Bibi, meanwhile, having failed to find anything that required exterminating on his scalp, lost interest, ran down his arm, and took a flying leap off on to the floor. It made conversation a lot easier, even though his thatch was left looking like a haystack that had been hit by a high wind. He refrained from smoothing it down lest this give offense to the pest’s mercurial mistress. She was now in as soft a mood as he could ever hope to get her into, on such short acquaintance, so he took the plunge.

“I have come to you because you are known to be as intelligent as you are talented and beautiful,” he said, laying it on with a shovel.

“It is true, nobody has ever said I am a dunce.” the celebrity admitted with refreshing unselfconsciousness, studying her fingernails.

He hitched his chair slightly forward. “You recall a number you did in last season’s show, in which you threw nosegays, little flowers, to the ladies in your audiences?”

She poised a warning finger toward the ceiling. Her eyes sparkled. “Ah, Chica Chica Boom! Si, si! You like? Wasn’t it good?” she agreed warmly.

“Perfect,” he assented, with a concealed fluctuation of his Adam’s apple. “Now one night a friend of mine—”

That was as far as he got on that try. The maid, who had just quit fanning a moment before, stepped in again. “William would like his orders for the day, señorita.”

“Excuse me a minute.” She turned her head toward the doorway.
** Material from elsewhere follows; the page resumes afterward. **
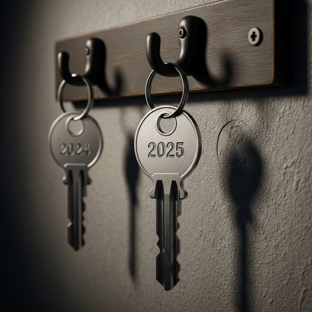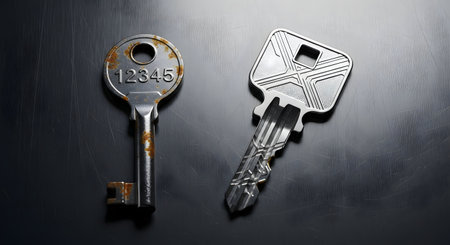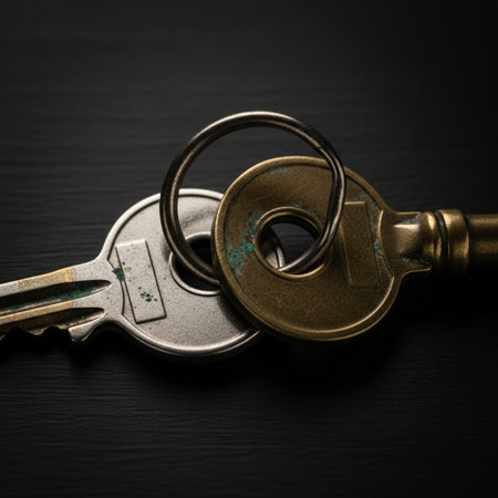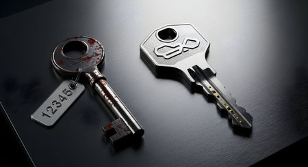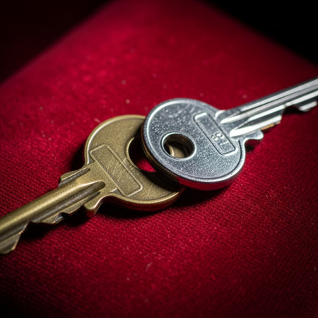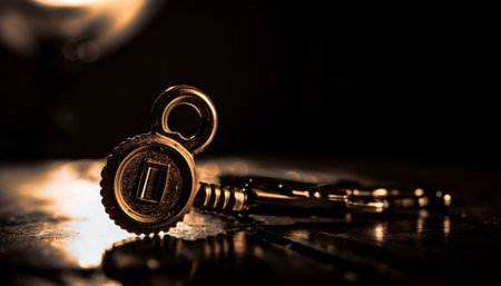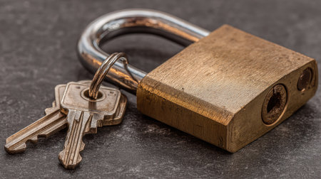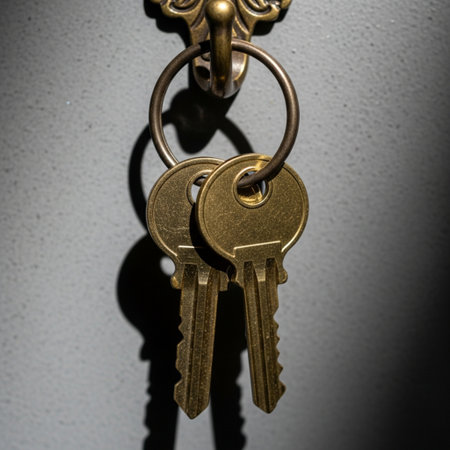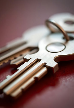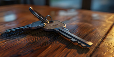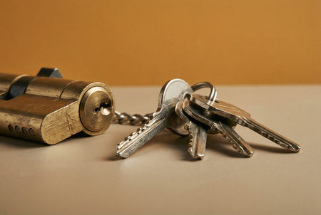 Close-up of metal keys attached to a lock cylinder on a smooth surface with warm background. Concept for security, access, protection, and home safety solutions in everyday life.

A stalwart individual in chauffeur’s uniform stepped forward, stood at attention. “I won’t nidd you until twelve. I go to the Coq Bleu for launch, so you be downstairs at ten to.” Then she added without any change of inflection, “And you better take that with you while you here, you left it behind.”

He stepped over to the vanity table she had indicated, removed a hammered silver cigarette case, spaded it into his pocket and stepped outside again, all with perfect nonchalance.

“It didn’t come from the five and ten, you know,” she called after him, with, it seemed to Lombard, a slight touch of asperity. Judging by the snap in her eyes, he didn’t give William much longer.